1.kudu表首次向impala引入了主键的概念,主键一般由1-n列构成,在查询的时候会被用到多列构建的主键,这个值必须唯一,并且不能有null,并且联合主键不能被更新比如 我date=202101 id=cclovezbf  你就不能把我id改为zbflovecc 。同时分区列必须来源于主键

主键有物理和逻辑考虑

1.物理:因为主键唯一,通常将主键的值映射到特定的tablet, 怎么理解这句话?

  因为分区列来源于主键,知道了主键 其实也就知道了分区。

2.逻辑:因为主键唯一约束存在,所以insert失败了,我还可以继续insert直至成功,对我没有影响,即使我insert了100次才成功(insert重复主键,不报错),对于要更新的数据,通过upsert也可以一直更新,同时还不用创建新的副本

Kudu-Specific Column Attributes for CREATE TABLE

PRIMARY KEY 

| [NOT] NULL 

| ENCODING codec 

| COMPRESSION algorithm 

| DEFAULT constant_expression 

| BLOCK_SIZE number

PRIMARY KEY Attribute

对于列来说可以加如下属性。

可以一列或者多列组成

主键默认用于自然排序

每行的主键唯一

主键不能为空,所以主键列默认not null

主键必须写在最前面  就是create table (column1 column2  c3 c4 )  你可以 PRIMARY KEY(c1),或PRIMARY KEY(c1,c2)但是不要 PRIMARY KEY(c2)

两种写法primarykey   都有点类似mysql主键

CREATE TABLE pk_inline
(
 col1 BIGINT PRIMARY KEY,
 col2 STRING,
 col3 BOOLEAN
) PARTITION BY HASH(col1) PARTITIONS 2 STORED AS KUDU;
CREATE TABLE pk_at_end
(
 col1 BIGINT,
 col2 STRING,
 col3 BOOLEAN,
 PRIMARY KEY (col1)
) PARTITION BY HASH(col1) PARTITIONS 2 STORED AS KUDU;
--两列作为联合主键
CREATE TABLE pk_multiple_columns
(
 col1 BIGINT,
 col2 STRING,
 col3 BOOLEAN,
 PRIMARY KEY (col1, col2)
) PARTITION BY HASH(col2) PARTITIONS 2 STORED AS KUDU;

查看建表语句

SHOW CREATE TABLE inline_pk_rewritten;

主键不能改!

主键不能改!

主键不能改!

kudu on impala 基本用法。_第13张图片

如果联合主键太多,有56个了 会降低写入性能。 

因此 主键的选择:经常被使用的,最具有代表性的,非空列。 例如身份证 手机号码 qq号。。。

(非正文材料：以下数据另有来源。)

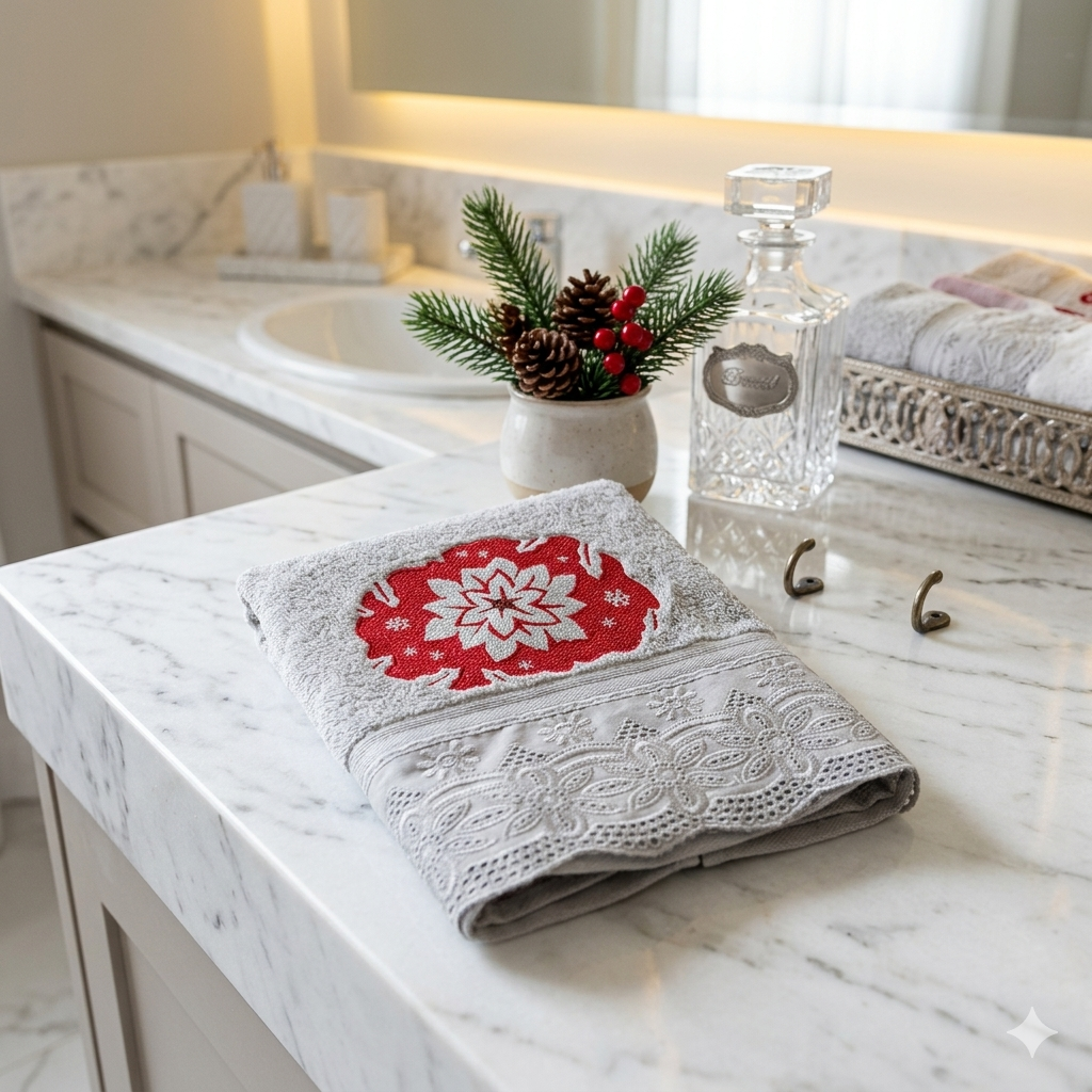 Traga elegância e aconchego com a toalha social de algodão egípcio com motivo natalino, perfeita para decorar sua casa com charme.

如果一个列的值经常被改变那么就不要做逐渐,用个 not null 就好了。

如果有一列的值不正确或者过期了(说的应该是主键不对)。删除这列,并且插入一列正确的列(有个正确的主键)

NULL | NOT NULL Attribute

CREATE TABLE required_columns
(
 id BIGINT PRIMARY KEY,
 latitude DOUBLE NOT NULL,
 longitude DOUBLE NOT NULL,
 place_name STRING,
 altitude DOUBLE,
 population BIGINT
) PARTITION BY HASH(id) PARTITIONS 2 STORED AS KUDU;

kudu on impala 基本用法。_第14张图片

在性能优化过程中,Kudu可以利用不允许空值跳过某些检查每个输入行,加快查询和联接操作。因此,在适当时指定NOTNULL约束。

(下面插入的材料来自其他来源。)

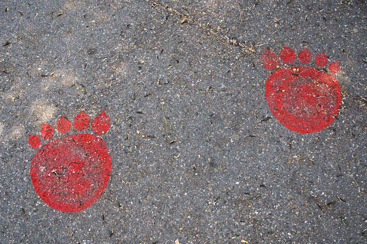 左耳にタグがついたテディベアの石像が見えてきましたよ。

除了主键 其余列都是默认null即默认可以为空,因为默认的 所以可以忽略

由于主键列不能包含任何NULL值,因此主键不需要NOTNULL子句,也可以加 没卵用

DEFAULT Attribute

CREATE TABLE default_vals
(
 id BIGINT PRIMARY KEY,
 name STRING NOT NULL DEFAULT 'unknown',
 address STRING DEFAULT upper('no fixed address'),
 age INT DEFAULT -1,
 earthling BOOLEAN DEFAULT TRUE,
 planet_of_origin STRING DEFAULT 'Earth',
 optional_col STRING DEFAULT NULL
) PARTITION BY HASH(id) PARTITIONS 2 STORED AS KUDU;

default 默认值必须是常量constant expression 例如 文字值、算术和字符串操作的组合。它不能包含对列或列的引用,非确定性函数调用。这里说的有点笼统,其实就是不能有sysdate。。。

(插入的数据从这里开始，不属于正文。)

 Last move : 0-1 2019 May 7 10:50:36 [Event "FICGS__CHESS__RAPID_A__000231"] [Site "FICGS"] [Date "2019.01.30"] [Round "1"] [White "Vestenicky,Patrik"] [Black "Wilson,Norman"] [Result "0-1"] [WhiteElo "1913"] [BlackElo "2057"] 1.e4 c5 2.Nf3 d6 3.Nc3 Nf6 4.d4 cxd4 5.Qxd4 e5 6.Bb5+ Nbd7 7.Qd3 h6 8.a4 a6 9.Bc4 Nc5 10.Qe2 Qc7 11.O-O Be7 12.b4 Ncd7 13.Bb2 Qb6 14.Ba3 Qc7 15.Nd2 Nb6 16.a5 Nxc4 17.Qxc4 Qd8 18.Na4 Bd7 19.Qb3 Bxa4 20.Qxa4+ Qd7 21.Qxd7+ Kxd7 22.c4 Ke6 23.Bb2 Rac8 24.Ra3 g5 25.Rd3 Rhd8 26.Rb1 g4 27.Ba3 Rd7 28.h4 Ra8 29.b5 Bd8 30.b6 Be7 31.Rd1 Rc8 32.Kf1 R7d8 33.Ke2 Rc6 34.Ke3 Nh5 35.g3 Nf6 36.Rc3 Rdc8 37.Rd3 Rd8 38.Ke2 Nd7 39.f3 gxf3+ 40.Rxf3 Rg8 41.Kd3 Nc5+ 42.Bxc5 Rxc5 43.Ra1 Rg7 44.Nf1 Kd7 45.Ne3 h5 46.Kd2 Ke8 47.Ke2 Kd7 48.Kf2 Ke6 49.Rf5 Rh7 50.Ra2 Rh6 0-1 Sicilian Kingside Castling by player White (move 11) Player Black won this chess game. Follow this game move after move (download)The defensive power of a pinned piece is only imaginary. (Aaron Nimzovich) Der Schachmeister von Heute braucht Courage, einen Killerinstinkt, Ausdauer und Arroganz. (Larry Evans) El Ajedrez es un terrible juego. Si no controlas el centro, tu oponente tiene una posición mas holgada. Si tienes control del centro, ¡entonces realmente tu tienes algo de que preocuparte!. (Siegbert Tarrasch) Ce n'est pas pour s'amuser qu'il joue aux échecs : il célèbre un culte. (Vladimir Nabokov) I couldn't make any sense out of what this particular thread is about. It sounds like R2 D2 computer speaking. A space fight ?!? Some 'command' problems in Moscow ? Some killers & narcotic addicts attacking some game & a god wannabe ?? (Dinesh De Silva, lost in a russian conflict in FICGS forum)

kudu on impala 基本用法。_第15张图片

 当设计一个全新的schema的时候,推荐使用default null作为占位符(默认的),因为你不知道接下来的数据是什么样的,因为null能被存储的非常有效,并且在查询is null 和is not null的时候是非常快的。

ENCODING Attribute

CREATE TABLE various_encodings
(
 id BIGINT PRIMARY KEY,
 c1 BIGINT ENCODING PLAIN_ENCODING,
 c2 BIGINT ENCODING AUTO_ENCODING,
 | Using Impala to Query Kudu Tables | 736
 c3 TINYINT ENCODING BIT_SHUFFLE,
 c4 DOUBLE ENCODING BIT_SHUFFLE,
 c5 BOOLEAN ENCODING RLE,
 c6 STRING ENCODING DICT_ENCODING,
 c7 STRING ENCODING PREFIX_ENCODING
) PARTITION BY HASH(id) PARTITIONS 2 STORED AS KUDU;
-- Some columns are omitted from the output for readability.
describe various_encodings;
+------+---------+-------------+----------+-----------------+
| name | type | primary_key | nullable | encoding |
+------+---------+-------------+----------+-----------------+
| id | bigint | true | false | AUTO_ENCODING |
| c1 | bigint | false | true | PLAIN_ENCODING |
| c2 | bigint | false | true | AUTO_ENCODING |
| c3 | tinyint | false | true | BIT_SHUFFLE |
| c4 | double | false | true | BIT_SHUFFLE |
| c5 | boolean | false | true | RLE |
| c6 | string | false | true | DICT_ENCODING |
| c7 | string | false | true | PREFIX_ENCODING |
+------+---------+-------------+----------+-----------------+

每一列都可以自由编码。

AUTO_ENCODING: use the default encoding based on the column type, which are bitshuffle for the numeric type columns and dictionary for the string type columns.
PLAIN_ENCODING: leave the value in its original binary format.
RLE: compress repeated values (when sorted in primary key order) by including a count.
DICT_ENCODING: when the number of different string values is low, replace the original string with a numeric ID.
BIT_SHUFFLE: rearrange the bits of the values to efficiently compress sequences of values that are identical or vary only slightly based on primary key order. The resulting encoded data is also compressed with LZ4.
PREFIX_ENCODING: compress common prefixes in string values; mainly for use internally within Kudu.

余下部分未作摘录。